→ Task inputs:
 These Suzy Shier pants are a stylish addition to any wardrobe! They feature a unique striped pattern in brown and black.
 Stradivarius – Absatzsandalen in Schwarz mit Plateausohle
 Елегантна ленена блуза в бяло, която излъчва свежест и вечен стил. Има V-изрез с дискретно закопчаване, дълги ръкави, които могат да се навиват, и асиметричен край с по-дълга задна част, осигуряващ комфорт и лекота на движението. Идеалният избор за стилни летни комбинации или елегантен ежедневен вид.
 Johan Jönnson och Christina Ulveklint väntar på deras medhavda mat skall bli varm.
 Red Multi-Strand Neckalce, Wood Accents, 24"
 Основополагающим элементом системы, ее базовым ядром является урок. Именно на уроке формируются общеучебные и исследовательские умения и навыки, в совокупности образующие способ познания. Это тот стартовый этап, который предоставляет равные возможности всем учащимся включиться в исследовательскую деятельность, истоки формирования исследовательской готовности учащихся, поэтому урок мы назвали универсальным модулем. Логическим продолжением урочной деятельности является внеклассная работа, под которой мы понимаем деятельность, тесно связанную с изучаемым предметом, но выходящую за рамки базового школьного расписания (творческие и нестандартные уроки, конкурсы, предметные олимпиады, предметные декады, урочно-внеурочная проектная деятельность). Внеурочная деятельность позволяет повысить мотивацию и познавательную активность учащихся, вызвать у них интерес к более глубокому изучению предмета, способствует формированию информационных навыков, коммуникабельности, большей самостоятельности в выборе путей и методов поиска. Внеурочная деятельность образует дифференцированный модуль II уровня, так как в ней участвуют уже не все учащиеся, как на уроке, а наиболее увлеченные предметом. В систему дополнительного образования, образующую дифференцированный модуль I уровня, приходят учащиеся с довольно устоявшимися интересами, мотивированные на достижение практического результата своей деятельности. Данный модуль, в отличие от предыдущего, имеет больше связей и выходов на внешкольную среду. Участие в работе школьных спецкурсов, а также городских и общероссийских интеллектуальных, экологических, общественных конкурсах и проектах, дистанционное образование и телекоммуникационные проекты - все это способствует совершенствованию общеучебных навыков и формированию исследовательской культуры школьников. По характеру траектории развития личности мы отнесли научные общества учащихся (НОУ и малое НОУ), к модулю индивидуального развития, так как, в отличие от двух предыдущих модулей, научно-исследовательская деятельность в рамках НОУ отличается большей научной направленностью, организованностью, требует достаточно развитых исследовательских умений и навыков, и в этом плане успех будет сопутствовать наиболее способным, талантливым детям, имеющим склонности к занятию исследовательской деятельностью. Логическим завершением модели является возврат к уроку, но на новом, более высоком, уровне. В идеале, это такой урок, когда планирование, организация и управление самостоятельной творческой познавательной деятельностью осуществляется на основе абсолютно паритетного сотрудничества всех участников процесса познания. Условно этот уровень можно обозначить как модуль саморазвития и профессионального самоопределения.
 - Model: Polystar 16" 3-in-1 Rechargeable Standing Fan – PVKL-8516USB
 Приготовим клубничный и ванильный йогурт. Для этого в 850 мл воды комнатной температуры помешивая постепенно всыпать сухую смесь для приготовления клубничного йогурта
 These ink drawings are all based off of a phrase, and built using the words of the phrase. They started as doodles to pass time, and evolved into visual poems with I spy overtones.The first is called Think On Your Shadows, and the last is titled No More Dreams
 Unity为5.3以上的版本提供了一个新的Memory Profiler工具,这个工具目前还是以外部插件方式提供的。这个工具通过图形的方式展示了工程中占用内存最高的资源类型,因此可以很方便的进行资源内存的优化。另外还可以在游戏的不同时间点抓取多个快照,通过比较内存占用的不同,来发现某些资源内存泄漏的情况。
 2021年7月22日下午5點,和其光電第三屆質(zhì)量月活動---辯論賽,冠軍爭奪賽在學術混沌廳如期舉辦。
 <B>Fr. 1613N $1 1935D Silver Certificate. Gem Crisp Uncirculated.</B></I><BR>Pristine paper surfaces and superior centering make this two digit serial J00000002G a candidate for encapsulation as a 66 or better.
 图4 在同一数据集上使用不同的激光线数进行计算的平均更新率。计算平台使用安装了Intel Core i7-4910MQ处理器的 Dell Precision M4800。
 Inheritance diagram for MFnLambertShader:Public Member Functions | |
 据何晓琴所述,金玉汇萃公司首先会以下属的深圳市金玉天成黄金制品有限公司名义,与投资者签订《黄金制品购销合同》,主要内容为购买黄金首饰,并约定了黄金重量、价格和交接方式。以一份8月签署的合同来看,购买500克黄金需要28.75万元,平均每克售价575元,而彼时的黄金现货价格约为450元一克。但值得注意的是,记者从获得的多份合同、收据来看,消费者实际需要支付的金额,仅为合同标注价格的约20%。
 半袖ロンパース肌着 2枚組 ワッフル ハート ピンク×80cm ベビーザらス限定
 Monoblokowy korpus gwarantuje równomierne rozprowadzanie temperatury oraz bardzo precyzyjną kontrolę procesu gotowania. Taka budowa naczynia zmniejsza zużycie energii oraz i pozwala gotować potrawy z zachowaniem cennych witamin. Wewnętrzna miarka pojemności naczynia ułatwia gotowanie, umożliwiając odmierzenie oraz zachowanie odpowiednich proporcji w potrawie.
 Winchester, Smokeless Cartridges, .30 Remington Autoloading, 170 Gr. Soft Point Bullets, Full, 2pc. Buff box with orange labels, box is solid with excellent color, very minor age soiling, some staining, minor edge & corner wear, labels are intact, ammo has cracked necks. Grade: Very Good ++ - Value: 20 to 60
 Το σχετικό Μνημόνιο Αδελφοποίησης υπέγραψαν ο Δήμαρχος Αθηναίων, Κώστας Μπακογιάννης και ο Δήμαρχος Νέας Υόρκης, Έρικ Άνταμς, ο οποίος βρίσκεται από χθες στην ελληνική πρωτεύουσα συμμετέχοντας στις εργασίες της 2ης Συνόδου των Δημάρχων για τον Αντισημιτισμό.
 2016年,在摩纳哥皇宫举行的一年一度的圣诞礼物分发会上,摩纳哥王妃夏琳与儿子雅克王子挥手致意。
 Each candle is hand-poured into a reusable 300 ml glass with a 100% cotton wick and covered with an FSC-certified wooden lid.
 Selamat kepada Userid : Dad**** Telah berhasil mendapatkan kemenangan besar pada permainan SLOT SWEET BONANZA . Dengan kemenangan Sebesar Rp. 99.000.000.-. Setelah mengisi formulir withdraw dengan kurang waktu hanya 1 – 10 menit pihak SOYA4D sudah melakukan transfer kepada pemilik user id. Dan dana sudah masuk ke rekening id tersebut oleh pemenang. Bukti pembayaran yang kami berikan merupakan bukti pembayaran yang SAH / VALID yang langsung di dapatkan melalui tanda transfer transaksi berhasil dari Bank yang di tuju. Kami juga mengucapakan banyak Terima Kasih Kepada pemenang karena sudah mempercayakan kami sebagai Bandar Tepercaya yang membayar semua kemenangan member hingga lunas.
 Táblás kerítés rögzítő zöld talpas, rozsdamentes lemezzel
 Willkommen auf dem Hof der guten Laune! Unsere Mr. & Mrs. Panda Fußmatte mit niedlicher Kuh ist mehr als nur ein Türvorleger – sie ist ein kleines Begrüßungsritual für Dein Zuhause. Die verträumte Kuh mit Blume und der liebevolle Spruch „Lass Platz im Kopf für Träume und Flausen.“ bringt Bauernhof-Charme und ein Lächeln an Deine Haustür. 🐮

→ Problem to work on: What's required is that all of the material be returned exactly.

→ Answer:
 These Suzy Shier pants are a stylish addition to any wardrobe! They feature a unique striped pattern in brown and black.
 Stradivarius – Absatzsandalen in Schwarz mit Plateausohle
 Елегантна ленена блуза в бяло, която излъчва свежест и вечен стил. Има V-изрез с дискретно закопчаване, дълги ръкави, които могат да се навиват, и асиметричен край с по-дълга задна част, осигуряващ комфорт и лекота на движението. Идеалният избор за стилни летни комбинации или елегантен ежедневен вид.
 Johan Jönnson och Christina Ulveklint väntar på deras medhavda mat skall bli varm.
 Red Multi-Strand Neckalce, Wood Accents, 24"
 Основополагающим элементом системы, ее базовым ядром является урок. Именно на уроке формируются общеучебные и исследовательские умения и навыки, в совокупности образующие способ познания. Это тот стартовый этап, который предоставляет равные возможности всем учащимся включиться в исследовательскую деятельность, истоки формирования исследовательской готовности учащихся, поэтому урок мы назвали универсальным модулем. Логическим продолжением урочной деятельности является внеклассная работа, под которой мы понимаем деятельность, тесно связанную с изучаемым предметом, но выходящую за рамки базового школьного расписания (творческие и нестандартные уроки, конкурсы, предметные олимпиады, предметные декады, урочно-внеурочная проектная деятельность). Внеурочная деятельность позволяет повысить мотивацию и познавательную активность учащихся, вызвать у них интерес к более глубокому изучению предмета, способствует формированию информационных навыков, коммуникабельности, большей самостоятельности в выборе путей и методов поиска. Внеурочная деятельность образует дифференцированный модуль II уровня, так как в ней участвуют уже не все учащиеся, как на уроке, а наиболее увлеченные предметом. В систему дополнительного образования, образующую дифференцированный модуль I уровня, приходят учащиеся с довольно устоявшимися интересами, мотивированные на достижение практического результата своей деятельности. Данный модуль, в отличие от предыдущего, имеет больше связей и выходов на внешкольную среду. Участие в работе школьных спецкурсов, а также городских и общероссийских интеллектуальных, экологических, общественных конкурсах и проектах, дистанционное образование и телекоммуникационные проекты - все это способствует совершенствованию общеучебных навыков и формированию исследовательской культуры школьников. По характеру траектории развития личности мы отнесли научные общества учащихся (НОУ и малое НОУ), к модулю индивидуального развития, так как, в отличие от двух предыдущих модулей, научно-исследовательская деятельность в рамках НОУ отличается большей научной направленностью, организованностью, требует достаточно развитых исследовательских умений и навыков, и в этом плане успех будет сопутствовать наиболее способным, талантливым детям, имеющим склонности к занятию исследовательской деятельностью. Логическим завершением модели является возврат к уроку, но на новом, более высоком, уровне. В идеале, это такой урок, когда планирование, организация и управление самостоятельной творческой познавательной деятельностью осуществляется на основе абсолютно паритетного сотрудничества всех участников процесса познания. Условно этот уровень можно обозначить как модуль саморазвития и профессионального самоопределения.
 - Model: Polystar 16" 3-in-1 Rechargeable Standing Fan – PVKL-8516USB
 Приготовим клубничный и ванильный йогурт. Для этого в 850 мл воды комнатной температуры помешивая постепенно всыпать сухую смесь для приготовления клубничного йогурта
 These ink drawings are all based off of a phrase, and built using the words of the phrase. They started as doodles to pass time, and evolved into visual poems with I spy overtones.The first is called Think On Your Shadows, and the last is titled No More Dreams
 Unity为5.3以上的版本提供了一个新的Memory Profiler工具,这个工具目前还是以外部插件方式提供的。这个工具通过图形的方式展示了工程中占用内存最高的资源类型,因此可以很方便的进行资源内存的优化。另外还可以在游戏的不同时间点抓取多个快照,通过比较内存占用的不同,来发现某些资源内存泄漏的情况。
 2021年7月22日下午5點,和其光電第三屆質(zhì)量月活動---辯論賽,冠軍爭奪賽在學術混沌廳如期舉辦。
 <B>Fr. 1613N $1 1935D Silver Certificate. Gem Crisp Uncirculated.</B></I><BR>Pristine paper surfaces and superior centering make this two digit serial J00000002G a candidate for encapsulation as a 66 or better.
 图4 在同一数据集上使用不同的激光线数进行计算的平均更新率。计算平台使用安装了Intel Core i7-4910MQ处理器的 Dell Precision M4800。
 Inheritance diagram for MFnLambertShader:Public Member Functions | |
 据何晓琴所述,金玉汇萃公司首先会以下属的深圳市金玉天成黄金制品有限公司名义,与投资者签订《黄金制品购销合同》,主要内容为购买黄金首饰,并约定了黄金重量、价格和交接方式。以一份8月签署的合同来看,购买500克黄金需要28.75万元,平均每克售价575元,而彼时的黄金现货价格约为450元一克。但值得注意的是,记者从获得的多份合同、收据来看,消费者实际需要支付的金额,仅为合同标注价格的约20%。
 半袖ロンパース肌着 2枚組 ワッフル ハート ピンク×80cm ベビーザらス限定
 Monoblokowy korpus gwarantuje równomierne rozprowadzanie temperatury oraz bardzo precyzyjną kontrolę procesu gotowania. Taka budowa naczynia zmniejsza zużycie energii oraz i pozwala gotować potrawy z zachowaniem cennych witamin. Wewnętrzna miarka pojemności naczynia ułatwia gotowanie, umożliwiając odmierzenie oraz zachowanie odpowiednich proporcji w potrawie.
 Winchester, Smokeless Cartridges, .30 Remington Autoloading, 170 Gr. Soft Point Bullets, Full, 2pc. Buff box with orange labels, box is solid with excellent color, very minor age soiling, some staining, minor edge & corner wear, labels are intact, ammo has cracked necks. Grade: Very Good ++ - Value: 20 to 60
 Το σχετικό Μνημόνιο Αδελφοποίησης υπέγραψαν ο Δήμαρχος Αθηναίων, Κώστας Μπακογιάννης και ο Δήμαρχος Νέας Υόρκης, Έρικ Άνταμς, ο οποίος βρίσκεται από χθες στην ελληνική πρωτεύουσα συμμετέχοντας στις εργασίες της 2ης Συνόδου των Δημάρχων για τον Αντισημιτισμό.
 2016年,在摩纳哥皇宫举行的一年一度的圣诞礼物分发会上,摩纳哥王妃夏琳与儿子雅克王子挥手致意。
 Each candle is hand-poured into a reusable 300 ml glass with a 100% cotton wick and covered with an FSC-certified wooden lid.
 Selamat kepada Userid : Dad**** Telah berhasil mendapatkan kemenangan besar pada permainan SLOT SWEET BONANZA . Dengan kemenangan Sebesar Rp. 99.000.000.-. Setelah mengisi formulir withdraw dengan kurang waktu hanya 1 – 10 menit pihak SOYA4D sudah melakukan transfer kepada pemilik user id. Dan dana sudah masuk ke rekening id tersebut oleh pemenang. Bukti pembayaran yang kami berikan merupakan bukti pembayaran yang SAH / VALID yang langsung di dapatkan melalui tanda transfer transaksi berhasil dari Bank yang di tuju. Kami juga mengucapakan banyak Terima Kasih Kepada pemenang karena sudah mempercayakan kami sebagai Bandar Tepercaya yang membayar semua kemenangan member hingga lunas.
 Táblás kerítés rögzítő zöld talpas, rozsdamentes lemezzel
 Willkommen auf dem Hof der guten Laune! Unsere Mr. & Mrs. Panda Fußmatte mit niedlicher Kuh ist mehr als nur ein Türvorleger – sie ist ein kleines Begrüßungsritual für Dein Zuhause. Die verträumte Kuh mit Blume und der liebevolle Spruch „Lass Platz im Kopf für Träume und Flausen.“ bringt Bauernhof-Charme und ein Lächeln an Deine Haustür. 🐮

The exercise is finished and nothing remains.